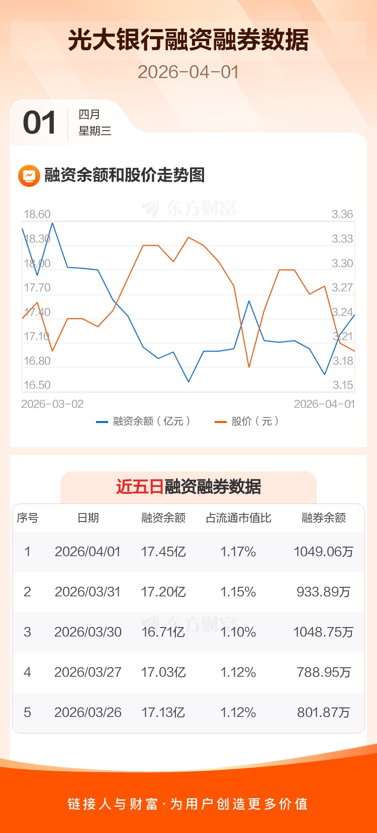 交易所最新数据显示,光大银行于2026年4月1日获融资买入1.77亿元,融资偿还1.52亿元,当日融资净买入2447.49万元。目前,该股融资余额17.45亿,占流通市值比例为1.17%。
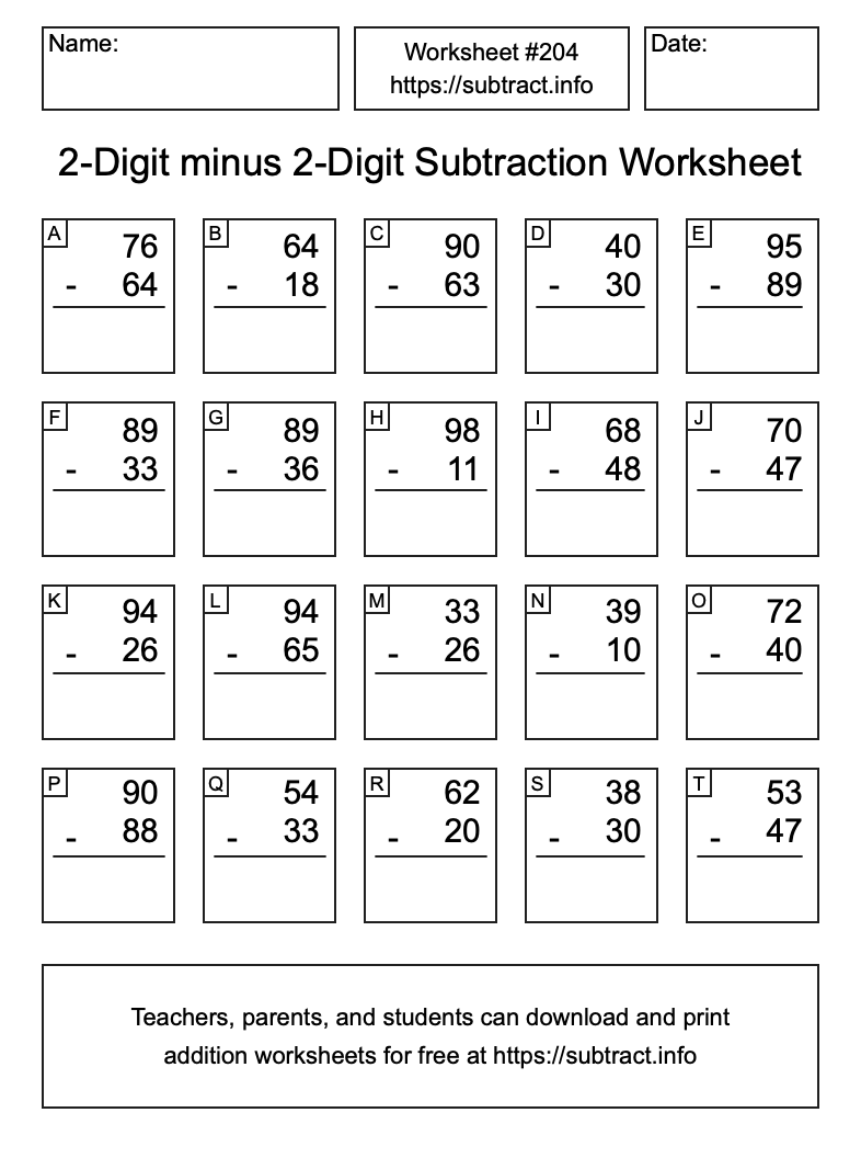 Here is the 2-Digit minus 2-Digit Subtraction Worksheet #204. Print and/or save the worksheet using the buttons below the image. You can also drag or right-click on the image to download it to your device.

******************************

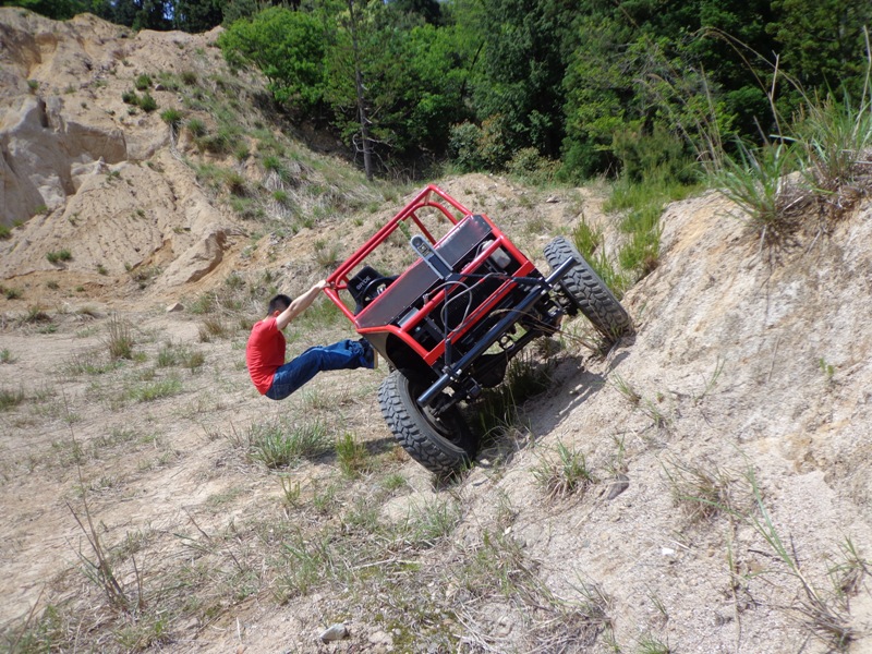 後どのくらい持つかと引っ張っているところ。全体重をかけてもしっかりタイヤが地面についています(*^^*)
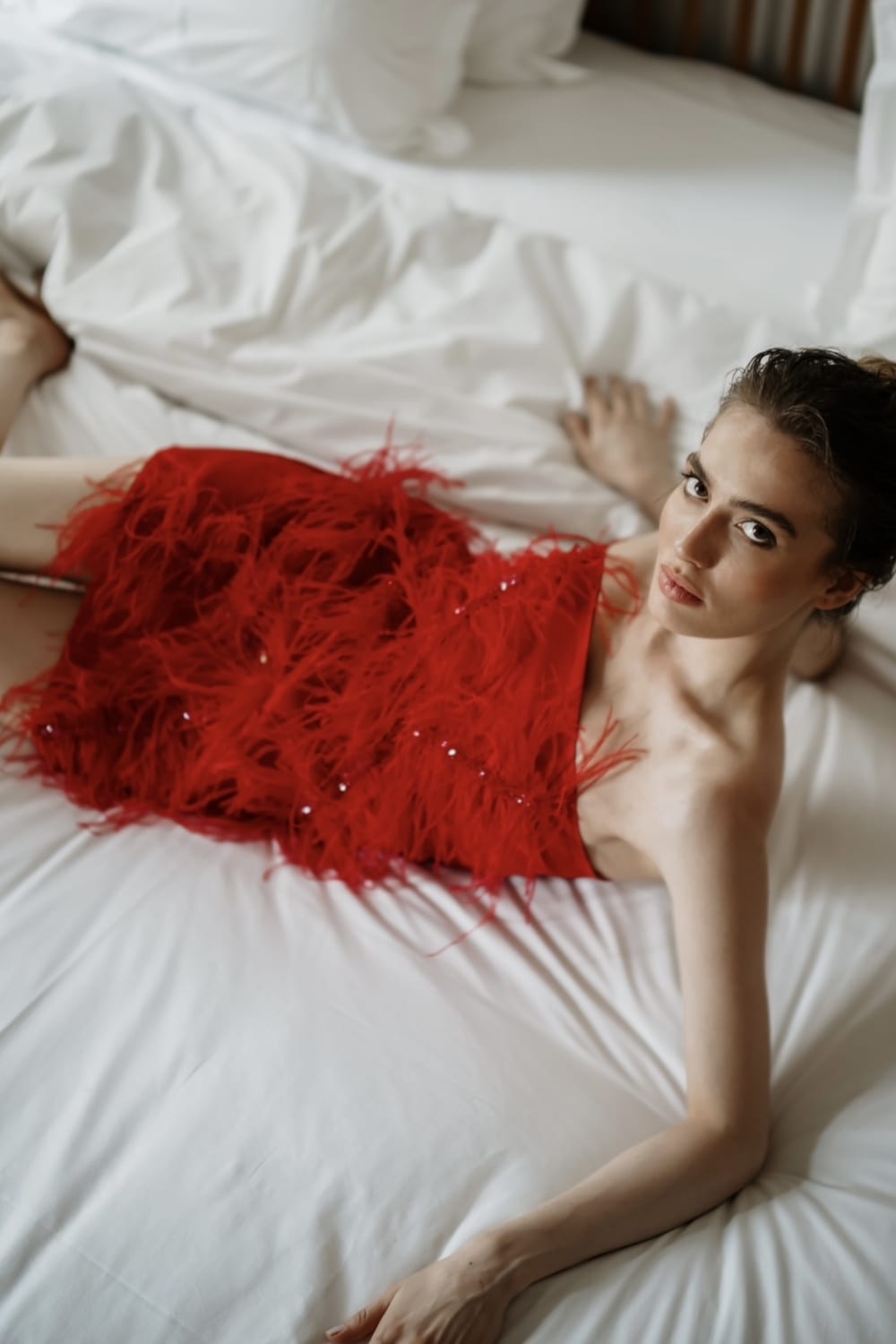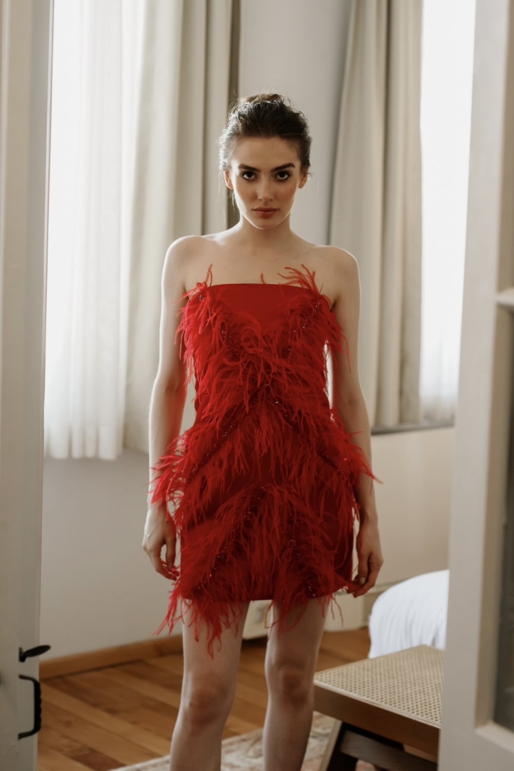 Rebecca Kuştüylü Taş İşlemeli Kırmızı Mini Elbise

******************************

#### [What you have to do]
Look back over the records above. Reproduce exactly everything from the line with "交易所最新数据显示,光大银行" down to the line with "Here is the", inclusive, and leave the pictures out.

#### [Answer box]
 交易所最新数据显示,光大银行于2026年4月1日获融资买入1.77亿元,融资偿还1.52亿元,当日融资净买入2447.49万元。目前,该股融资余额17.45亿,占流通市值比例为1.17%。
 Here is the 2-Digit minus 2-Digit Subtraction Worksheet #204. Print and/or save the worksheet using the buttons below the image. You can also drag or right-click on the image to download it to your device.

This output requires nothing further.